Я только головой покачал, потому что знал, как они проезжающих вещи нарочно портят, чтобы профит с работы иметь, но, однако, оделся и пошел смотреть Козыря, который один сразу на всех зверей похож.
Плата непременно предвиделась большая, потому что первый номер во всякой гостинице считается «козырной» и не роскошный человек там не останавливается; а в нашей гостинице цена за первый номер полагалась в сутки, по-нынешнему, пятнадцать рублей, а по-тогдашнему счету на ассигнации – пятьдесят два с полтиною, и кто тут стоял, звали его Козырем.
Этот, к которому меня теперь привели, на вид был ужасно какой страшный – ростом огромнейший и с лица смугл и дик и действительно на всех зверей похож.
– Ты, – спрашивает он меня злобным голосом, – можешь так хорошо дырку заштопать, чтобы заметить нельзя?
Отвечаю:
– Зависит от того, в какой вещи. Если вещь ворсистая, так можно очень хорошо сделать, а если блестящий атлас или шелковая мове-материя, с теми не берусь.
– Сам, – говорит, – ты мове, а мне какой-то подлец вчера, вероятно, сзади меня сидевши, цигаркою фрак прожег. Вот осмотри его и скажи.
Я осмотрел и говорю:
– Это хорошо можно сделать.
– А сколько времени?
– Да через час, – отвечаю, – будет готово.
– Делай, – говорит, – и если хорошо сделаешь, получишь денег полушку, а если нехорошо, то головой об кадушку. Поди расспроси, как я здешних молодцов избил, и знай, что тебя я в сто раз больнее изобью.
Глава восьмая
Пошел я чинить, а сам не очень и рад, потому что не всегда можно быть уверенным, как сделаешь: попроховее сукнецо лучше слипнет, а которое жестче, – трудно его подворсить так, чтобы не было заметно.

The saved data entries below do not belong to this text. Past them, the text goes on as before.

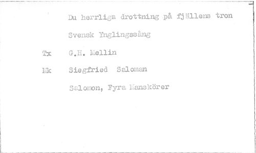 //// Du herrliga drottning på fjgllens tron Svensk Ynglingssång //// 2.2c G.H. Lenin //// Ek Siegfried Saloman Salomon, Fyra lanskörer ////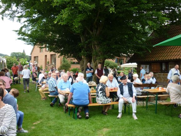 Die vielen Besucherinnen und Besucher konnten bei Kaffee und leckeren frischen Kuchen, den kurzweiligen Nachmittag genießen. Wer es etwas deftiger mochte, konnte an der Bratwurstbude den Hunger mit Bratwurst und Pommes stillen. Neben vielen Kaltgetränken gab es für die „Genießer“ an der Weintheke frische Erdbeerbowle, die schnell zum Renner wurde.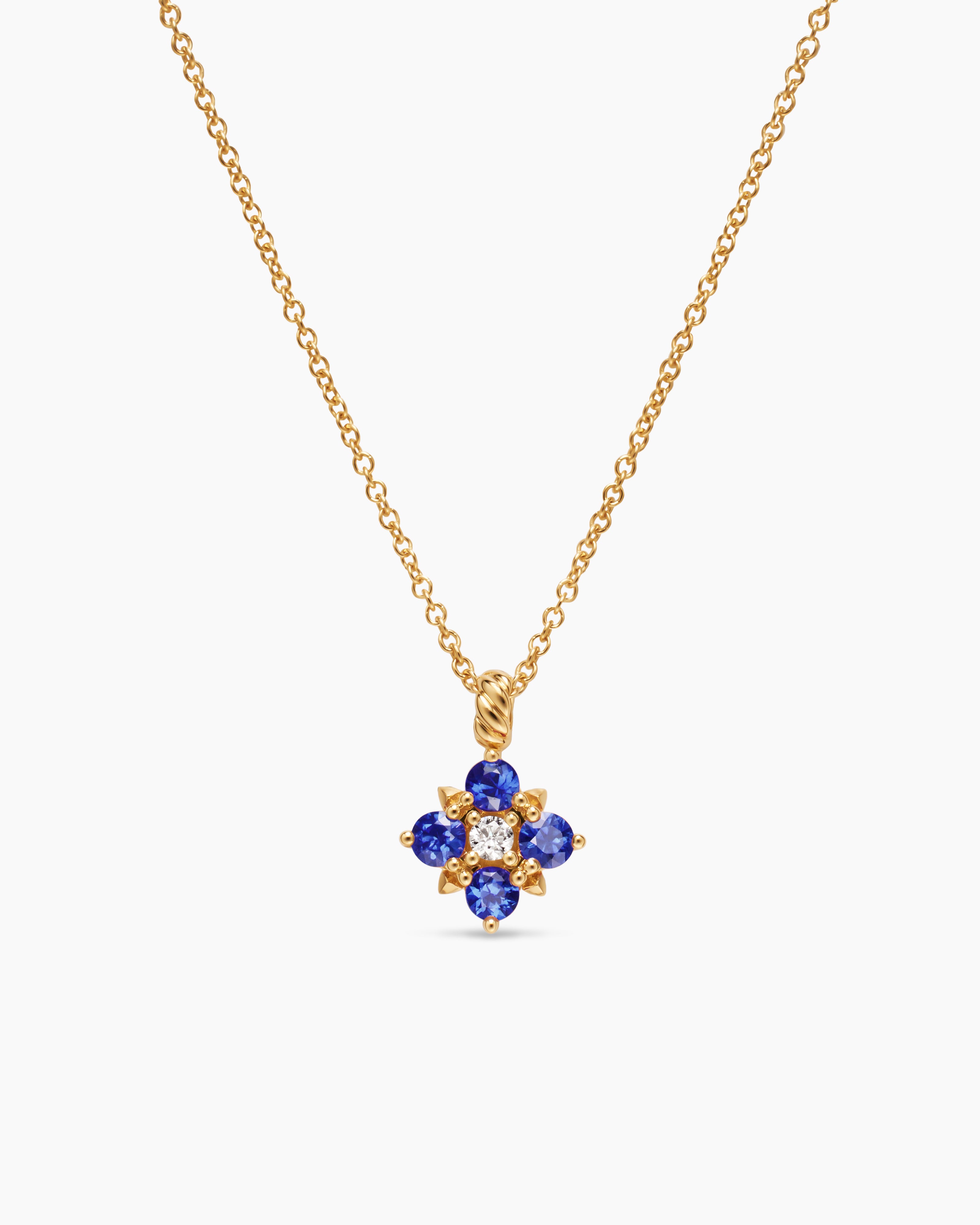 Petite Modern Renaissance® Pendant Necklace 18K Yellow Gold with Sapphires and Diamond, 9.2mm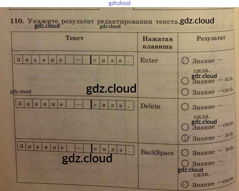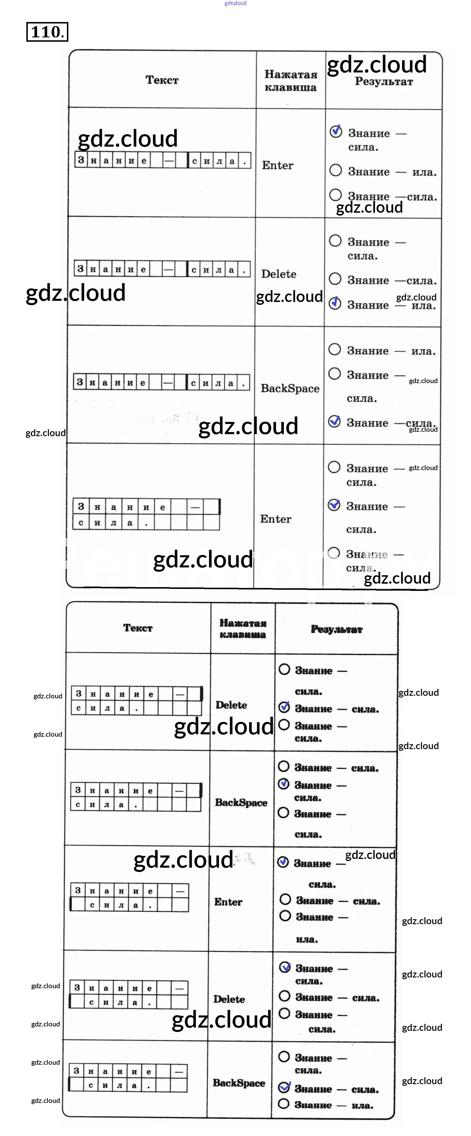 Ответ на задание 110 Рабочая тетрадь Информатика за 5 (пятый) класс Босова 2016 Часть 1, 2

Сделал я, однако, хорошо, но сам не понес, потому что обращение его мне очень не нравилось. Работа этакая капризная, что как хорошо ни сделай, а все кто охоч придраться – легко можно неприятность получить.
Послал я фрак с женою к ее брату и наказал, чтобы отдала, а сама скорее домой ворочалась, и как она прибежала назад, так поскорее заперлись изнутри на крюк и легли спать.
Утром я встал и повел день своим порядком: сижу за работою и жду, какое мне от козырного барина придут сказывать жалование – денег полушку или головой об кадушку.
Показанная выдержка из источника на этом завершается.